§ ASSIGNED TASK
Nothing but the lines from the top of the following entries through the line with "Phases Womens Caftan" should be printed, exactly as they are.

[DATASET Boundary: Start]

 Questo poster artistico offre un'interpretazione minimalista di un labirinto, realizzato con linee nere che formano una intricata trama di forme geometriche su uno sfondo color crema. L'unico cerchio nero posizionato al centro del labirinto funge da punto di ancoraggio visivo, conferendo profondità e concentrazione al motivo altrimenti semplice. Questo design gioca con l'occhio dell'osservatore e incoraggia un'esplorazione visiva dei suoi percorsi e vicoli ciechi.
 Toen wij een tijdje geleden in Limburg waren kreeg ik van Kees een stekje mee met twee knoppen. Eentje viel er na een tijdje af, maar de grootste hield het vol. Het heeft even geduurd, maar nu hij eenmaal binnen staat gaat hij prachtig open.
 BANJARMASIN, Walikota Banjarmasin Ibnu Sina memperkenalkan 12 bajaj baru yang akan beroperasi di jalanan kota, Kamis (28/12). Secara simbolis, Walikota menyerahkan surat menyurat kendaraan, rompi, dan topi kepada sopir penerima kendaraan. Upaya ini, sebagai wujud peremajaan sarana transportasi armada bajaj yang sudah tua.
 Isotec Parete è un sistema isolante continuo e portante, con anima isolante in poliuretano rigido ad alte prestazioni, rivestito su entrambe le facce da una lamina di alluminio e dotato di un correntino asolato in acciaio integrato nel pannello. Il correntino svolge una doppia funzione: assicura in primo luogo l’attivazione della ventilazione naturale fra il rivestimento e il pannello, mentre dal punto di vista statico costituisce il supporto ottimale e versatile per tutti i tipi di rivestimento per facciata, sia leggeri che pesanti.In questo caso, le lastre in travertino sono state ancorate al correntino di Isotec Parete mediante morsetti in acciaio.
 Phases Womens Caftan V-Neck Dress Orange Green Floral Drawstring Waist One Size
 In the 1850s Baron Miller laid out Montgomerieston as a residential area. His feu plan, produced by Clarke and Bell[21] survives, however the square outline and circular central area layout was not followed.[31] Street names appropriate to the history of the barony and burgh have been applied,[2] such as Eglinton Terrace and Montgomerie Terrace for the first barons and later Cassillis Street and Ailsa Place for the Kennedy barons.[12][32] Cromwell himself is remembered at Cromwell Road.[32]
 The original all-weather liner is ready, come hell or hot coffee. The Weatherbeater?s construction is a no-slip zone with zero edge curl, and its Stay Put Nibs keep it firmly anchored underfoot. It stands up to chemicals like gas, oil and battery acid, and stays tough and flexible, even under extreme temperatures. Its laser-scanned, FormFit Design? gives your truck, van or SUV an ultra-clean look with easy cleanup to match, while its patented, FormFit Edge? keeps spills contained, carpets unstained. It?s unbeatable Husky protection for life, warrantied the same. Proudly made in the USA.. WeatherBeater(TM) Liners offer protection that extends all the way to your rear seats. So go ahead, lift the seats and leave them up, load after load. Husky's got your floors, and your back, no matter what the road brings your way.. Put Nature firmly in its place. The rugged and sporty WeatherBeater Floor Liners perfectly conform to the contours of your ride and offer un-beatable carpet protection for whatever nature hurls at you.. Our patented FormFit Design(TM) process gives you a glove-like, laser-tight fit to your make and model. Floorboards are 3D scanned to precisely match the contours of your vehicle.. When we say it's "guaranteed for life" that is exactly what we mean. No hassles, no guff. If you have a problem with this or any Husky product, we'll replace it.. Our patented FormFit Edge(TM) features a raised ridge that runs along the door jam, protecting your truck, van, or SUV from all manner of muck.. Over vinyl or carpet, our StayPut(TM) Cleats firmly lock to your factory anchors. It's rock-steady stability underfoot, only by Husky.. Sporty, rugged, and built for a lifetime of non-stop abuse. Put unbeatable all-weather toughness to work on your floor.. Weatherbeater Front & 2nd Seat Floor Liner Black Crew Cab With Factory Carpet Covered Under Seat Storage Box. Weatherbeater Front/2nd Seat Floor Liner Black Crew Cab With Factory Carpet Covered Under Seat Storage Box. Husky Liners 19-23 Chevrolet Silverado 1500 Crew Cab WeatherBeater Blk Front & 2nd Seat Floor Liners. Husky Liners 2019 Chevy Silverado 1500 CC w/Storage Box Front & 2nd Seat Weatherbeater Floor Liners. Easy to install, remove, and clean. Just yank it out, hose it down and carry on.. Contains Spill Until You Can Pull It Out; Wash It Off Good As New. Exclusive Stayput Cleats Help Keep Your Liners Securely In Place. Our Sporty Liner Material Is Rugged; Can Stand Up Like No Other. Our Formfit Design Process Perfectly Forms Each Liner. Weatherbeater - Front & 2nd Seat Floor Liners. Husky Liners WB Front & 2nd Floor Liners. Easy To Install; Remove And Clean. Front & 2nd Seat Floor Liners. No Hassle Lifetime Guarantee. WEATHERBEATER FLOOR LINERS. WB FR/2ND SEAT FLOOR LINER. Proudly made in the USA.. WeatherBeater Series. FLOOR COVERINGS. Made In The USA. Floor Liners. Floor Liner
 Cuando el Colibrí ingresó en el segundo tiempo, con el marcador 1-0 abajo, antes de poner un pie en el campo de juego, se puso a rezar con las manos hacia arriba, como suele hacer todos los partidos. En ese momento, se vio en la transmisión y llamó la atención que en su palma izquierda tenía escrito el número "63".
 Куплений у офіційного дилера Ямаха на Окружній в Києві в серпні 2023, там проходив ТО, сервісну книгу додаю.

[DATASET Boundary: End]

§ WRITTEN RESPONSE
 Questo poster artistico offre un'interpretazione minimalista di un labirinto, realizzato con linee nere che formano una intricata trama di forme geometriche su uno sfondo color crema. L'unico cerchio nero posizionato al centro del labirinto funge da punto di ancoraggio visivo, conferendo profondità e concentrazione al motivo altrimenti semplice. Questo design gioca con l'occhio dell'osservatore e incoraggia un'esplorazione visiva dei suoi percorsi e vicoli ciechi.
 Toen wij een tijdje geleden in Limburg waren kreeg ik van Kees een stekje mee met twee knoppen. Eentje viel er na een tijdje af, maar de grootste hield het vol. Het heeft even geduurd, maar nu hij eenmaal binnen staat gaat hij prachtig open.
 BANJARMASIN, Walikota Banjarmasin Ibnu Sina memperkenalkan 12 bajaj baru yang akan beroperasi di jalanan kota, Kamis (28/12). Secara simbolis, Walikota menyerahkan surat menyurat kendaraan, rompi, dan topi kepada sopir penerima kendaraan. Upaya ini, sebagai wujud peremajaan sarana transportasi armada bajaj yang sudah tua.
 Isotec Parete è un sistema isolante continuo e portante, con anima isolante in poliuretano rigido ad alte prestazioni, rivestito su entrambe le facce da una lamina di alluminio e dotato di un correntino asolato in acciaio integrato nel pannello. Il correntino svolge una doppia funzione: assicura in primo luogo l’attivazione della ventilazione naturale fra il rivestimento e il pannello, mentre dal punto di vista statico costituisce il supporto ottimale e versatile per tutti i tipi di rivestimento per facciata, sia leggeri che pesanti.In questo caso, le lastre in travertino sono state ancorate al correntino di Isotec Parete mediante morsetti in acciaio.
 Phases Womens Caftan V-Neck Dress Orange Green Floral Drawstring Waist One Size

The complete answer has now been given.